» **To do**: Set the pictures aside and return each record below precisely as written.
START Data to use
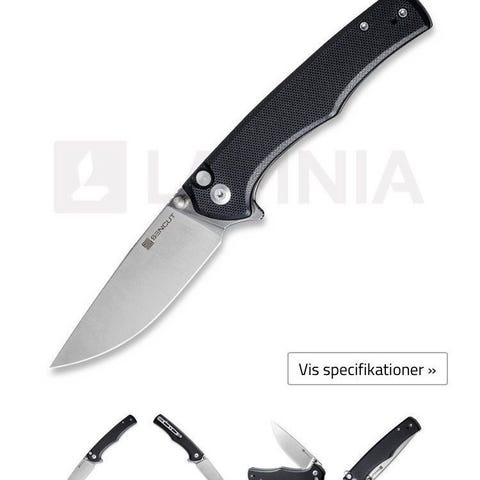 Kniv med mørkt træhåndtag og rustfrit stålblad med bølgemønster. Inkluderer en brun læderskede med trykknaplukning. Kniven har en metalring i håndtaget for bedre greb og håndtering.
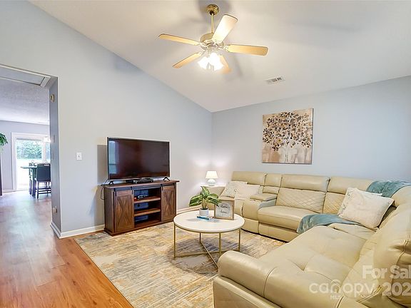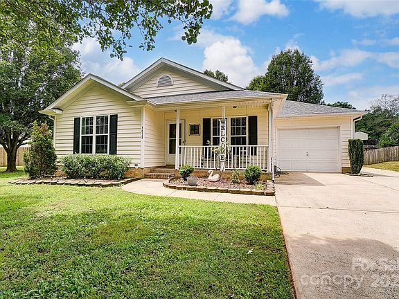 This charming and well-maintained 3 bed/2 bath ranch-style home is nestled in a peaceful neighborhood with quick access to I-485 and the Monroe Expressway. This beautiful residence offers the perfect blend of comfort & convenience without the hustle&bustle of the city but is still close to shops, restaurants, entertainment, etc. As you step inside you will be welcomed by the spacious living room and the hallway leading you to the functional kitchen. The beautiful kitchen features an island w/bar seating, lots of cabinets & matching white appliances. The dining area is connected to the kitchen and offers abundant natural light through the sliding glass door that opens to the pavers patio. The primary bedroom w/ensuite is generously sized and has a walk-in closet, the secondary bedrooms are very spacious. Large mostly level backyard with wooden fence and mature trees for added privacy. The roof and water heater were replaced in 2021, HVAC was replaced in 2019. Don't miss out on this one!
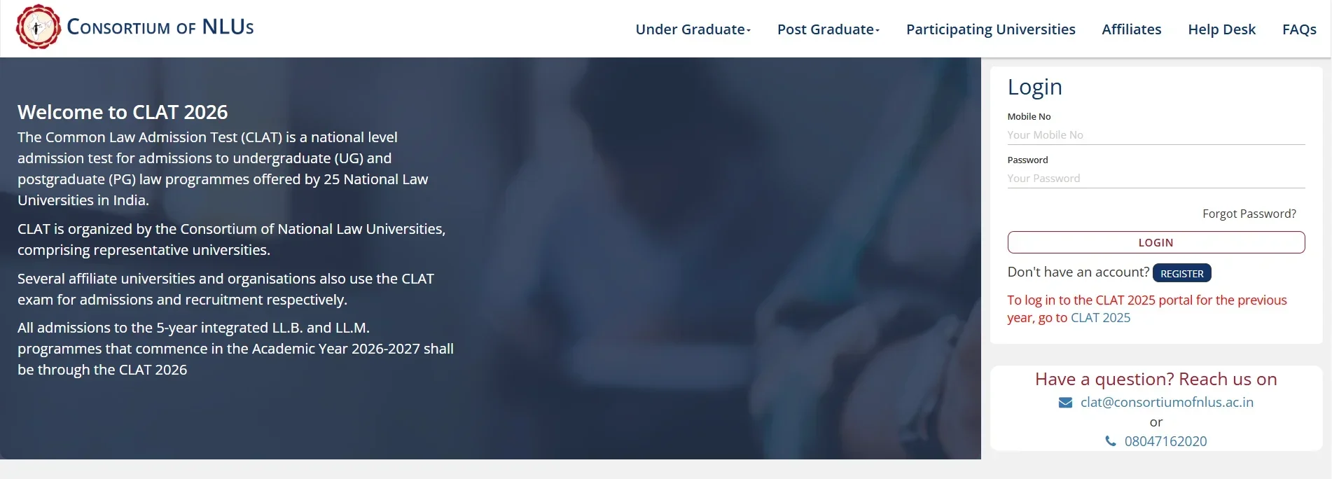 - Go to the official website of the CLAT 2026 exam and register by entering your name, mobile number, and email ID.
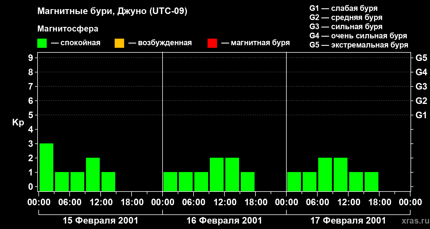 Изменения геомагнитного индекса Kp с 15 по 17 февраля 2001 года для средних широт
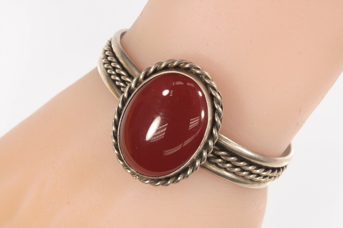 Vintage Sterlingsilber Unglaubliche Dunkle Granat Armreif Hergestellt In Mexiko
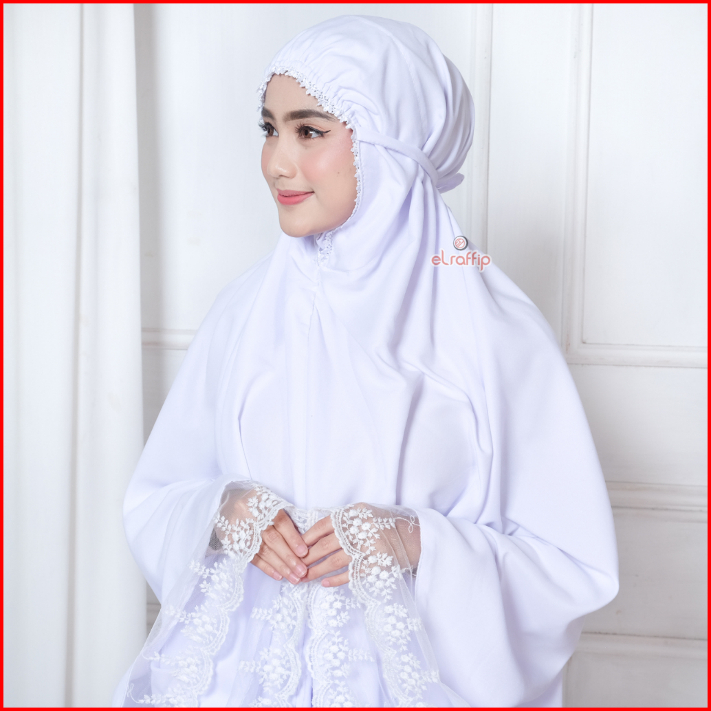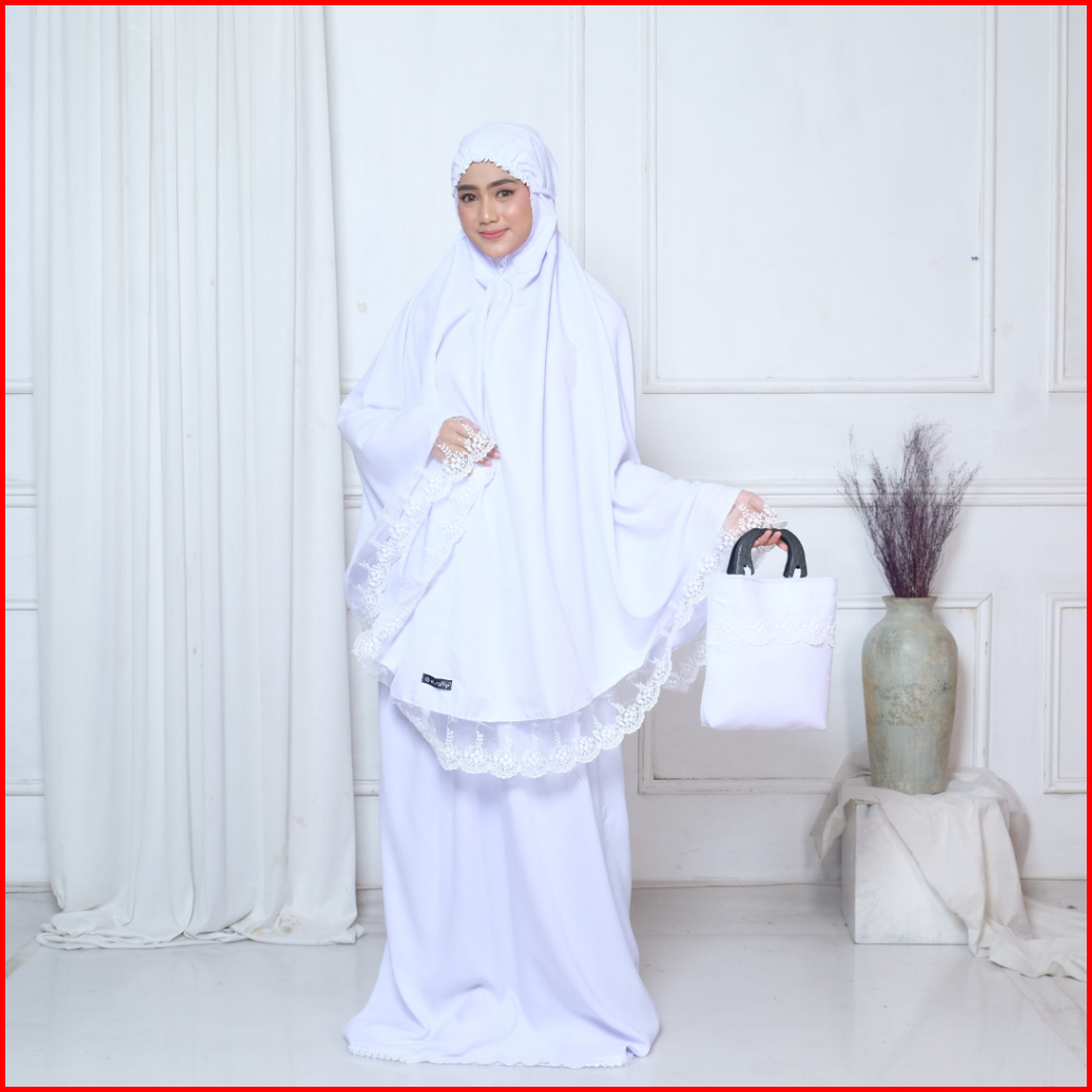 Mukena Putih Dewasa Katun Polos Renda Tile Bordir Syafani Series
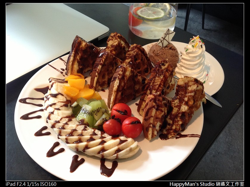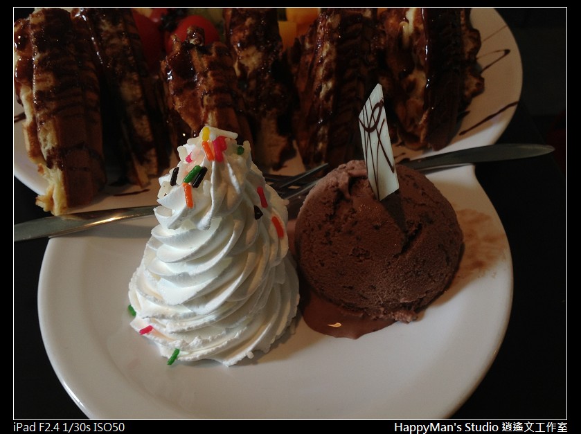 吃完奶昔當早餐的我,現在想吃午餐點心,於是點了這盤水果鬆餅加巧克力奶油冰淇淋!
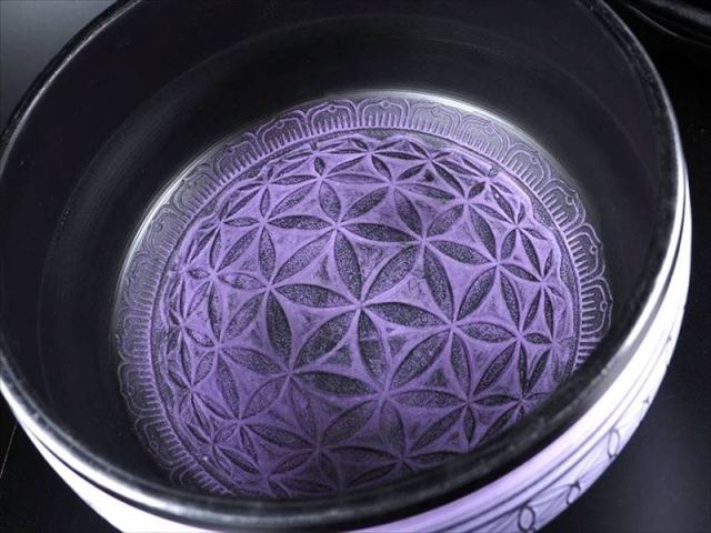 癒しと浄化の音色 空間や天然石アクセサリーなどの浄化に使用される、シンギングボウルが限定入荷致しました! 神聖幾何学フラワーオブライフデザインのシンギングボウルです。 ブラックベースのボウルに、気品溢れるパープルカラーが目を引きます! 音色は深く低く、徐々に波打つような豊かな振動共鳴音です。 シンギングボウルは、音色による精神的な癒しと、音の圧力による肉体的なほぐしのふたつが合わさって「感覚共振」の状態を導くことで、深いリラックスを得ることのできるヒーリング方法です。 ブレスレットなどの天然石アクセサリーの浄化はもちろん、その豊かな音色で空間浄化に優れていると云われています。 集中力を高めたい時などにも利用されています。 シンギングボウルについて シンギングボウルの発祥は3000年前、ブッダ生誕以前に遡ります。 チベットのラマ教の高僧が神に捧げる儀式に使う仏具の一つでした。 シンギングボウルの特徴は「波動」と「浄化する力」、そして「倍音(ばいおん)」と呼ばれる音色です。 なかでも最大の特徴は「波動」の力です。 シンギングボウルを奏でる際の振動は非常にはっきりしたもので、どなたでも感じることができます。 シンギングボウルを体験されると、その「波動」が心と身体に直接働きかけ、固くなっていた心や身体に刺激が与えられ、体の循環が促されると云われています。 現在では欧米でも心と身体を癒すヒーリングツールとして知られています。 フラワーオブライフについて 古代より装飾モチーフとしても用いられてきた神聖幾何学の模様です。 世界各地で発見されている調和とバランスを表す黄金比の図形です。 【付属品】 シンギングボウル マレット(演奏する際に用いられる枹(ばち))※入荷ロットによって、質やデザインが画像と異なる場合がございます。 |
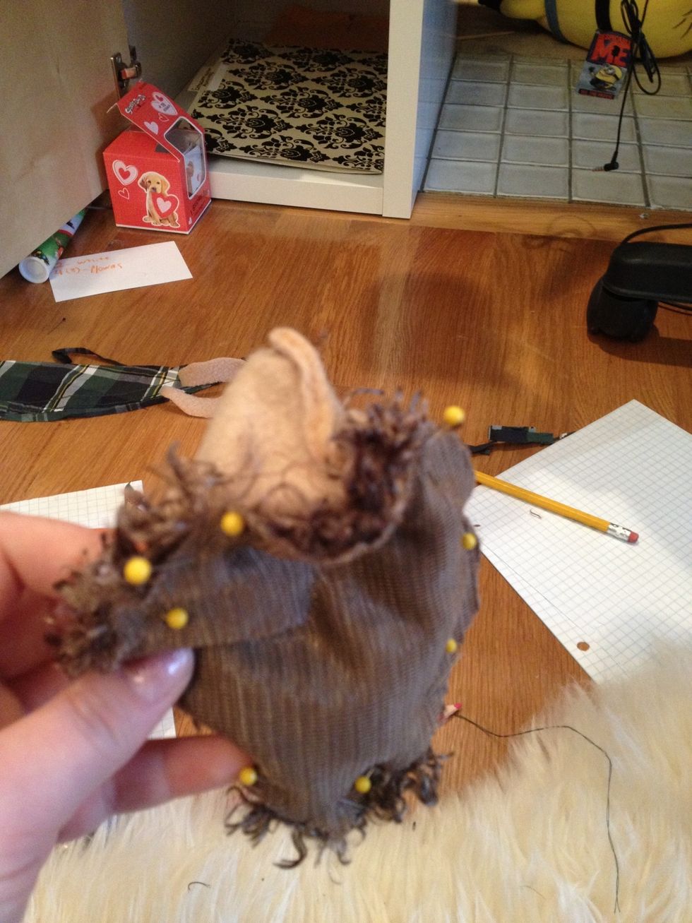 From the fabric you want for your body, cut TWO half moon shapes, about 1.5 ties the size of your head. My measurements: 6 1/4 (flat) x 3 1/4 (center)
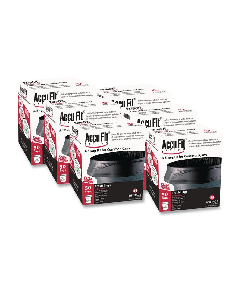 Stronger can liners are constructed of prime-quality resin. AccuFit® sizing ensures that bags won't fall into can. Designed for most common sizes and applications.
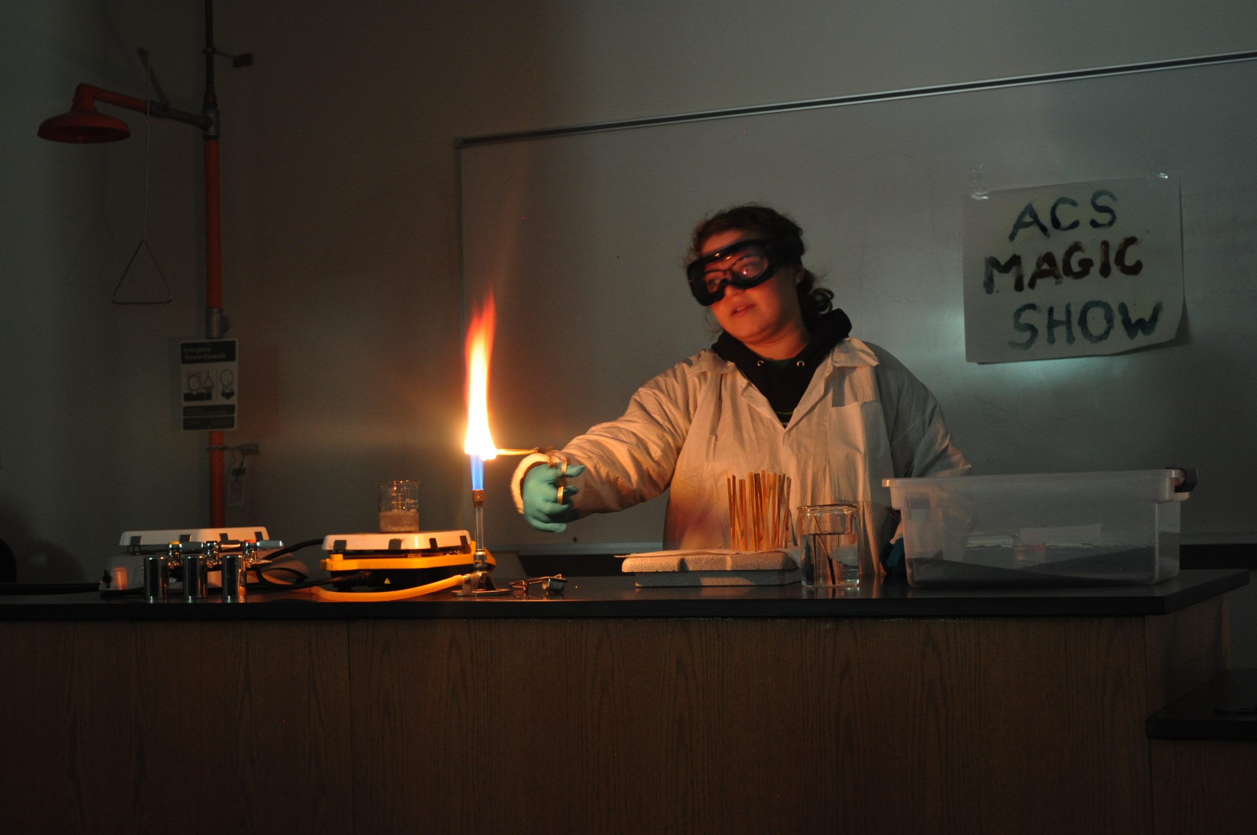 The American Chemical Society club puts on a chemistry magic show every year. Recently their show has become an event in the Maryland Stem Festival. They performed the show to a packed room of county middle school students and to our own underclassmen. New this year was the enhanced flame test, which demonstrates the colors emitted by metals when they are heated in a flame. Senior chemistry major Olivia Apicella is shown conducting the flame experiment. Many other club members also presented experiments.
END Data to use
» **Reply**:
 Kniv med mørkt træhåndtag og rustfrit stålblad med bølgemønster. Inkluderer en brun læderskede med trykknaplukning. Kniven har en metalring i håndtaget for bedre greb og håndtering.
 This charming and well-maintained 3 bed/2 bath ranch-style home is nestled in a peaceful neighborhood with quick access to I-485 and the Monroe Expressway. This beautiful residence offers the perfect blend of comfort & convenience without the hustle&bustle of the city but is still close to shops, restaurants, entertainment, etc. As you step inside you will be welcomed by the spacious living room and the hallway leading you to the functional kitchen. The beautiful kitchen features an island w/bar seating, lots of cabinets & matching white appliances. The dining area is connected to the kitchen and offers abundant natural light through the sliding glass door that opens to the pavers patio. The primary bedroom w/ensuite is generously sized and has a walk-in closet, the secondary bedrooms are very spacious. Large mostly level backyard with wooden fence and mature trees for added privacy. The roof and water heater were replaced in 2021, HVAC was replaced in 2019. Don't miss out on this one!
 - Go to the official website of the CLAT 2026 exam and register by entering your name, mobile number, and email ID.
 Изменения геомагнитного индекса Kp с 15 по 17 февраля 2001 года для средних широт
 Vintage Sterlingsilber Unglaubliche Dunkle Granat Armreif Hergestellt In Mexiko
 Mukena Putih Dewasa Katun Polos Renda Tile Bordir Syafani Series
 吃完奶昔當早餐的我,現在想吃午餐點心,於是點了這盤水果鬆餅加巧克力奶油冰淇淋!
 癒しと浄化の音色 空間や天然石アクセサリーなどの浄化に使用される、シンギングボウルが限定入荷致しました! 神聖幾何学フラワーオブライフデザインのシンギングボウルです。 ブラックベースのボウルに、気品溢れるパープルカラーが目を引きます! 音色は深く低く、徐々に波打つような豊かな振動共鳴音です。 シンギングボウルは、音色による精神的な癒しと、音の圧力による肉体的なほぐしのふたつが合わさって「感覚共振」の状態を導くことで、深いリラックスを得ることのできるヒーリング方法です。 ブレスレットなどの天然石アクセサリーの浄化はもちろん、その豊かな音色で空間浄化に優れていると云われています。 集中力を高めたい時などにも利用されています。 シンギングボウルについて シンギングボウルの発祥は3000年前、ブッダ生誕以前に遡ります。 チベットのラマ教の高僧が神に捧げる儀式に使う仏具の一つでした。 シンギングボウルの特徴は「波動」と「浄化する力」、そして「倍音(ばいおん)」と呼ばれる音色です。 なかでも最大の特徴は「波動」の力です。 シンギングボウルを奏でる際の振動は非常にはっきりしたもので、どなたでも感じることができます。 シンギングボウルを体験されると、その「波動」が心と身体に直接働きかけ、固くなっていた心や身体に刺激が与えられ、体の循環が促されると云われています。 現在では欧米でも心と身体を癒すヒーリングツールとして知られています。 フラワーオブライフについて 古代より装飾モチーフとしても用いられてきた神聖幾何学の模様です。 世界各地で発見されている調和とバランスを表す黄金比の図形です。 【付属品】 シンギングボウル マレット(演奏する際に用いられる枹(ばち))※入荷ロットによって、質やデザインが画像と異なる場合がございます。 |
 From the fabric you want for your body, cut TWO half moon shapes, about 1.5 ties the size of your head. My measurements: 6 1/4 (flat) x 3 1/4 (center)
 Stronger can liners are constructed of prime-quality resin. AccuFit® sizing ensures that bags won't fall into can. Designed for most common sizes and applications.
 The American Chemical Society club puts on a chemistry magic show every year. Recently their show has become an event in the Maryland Stem Festival. They performed the show to a packed room of county middle school students and to our own underclassmen. New this year was the enhanced flame test, which demonstrates the colors emitted by metals when they are heated in a flame. Senior chemistry major Olivia Apicella is shown conducting the flame experiment. Many other club members also presented experiments.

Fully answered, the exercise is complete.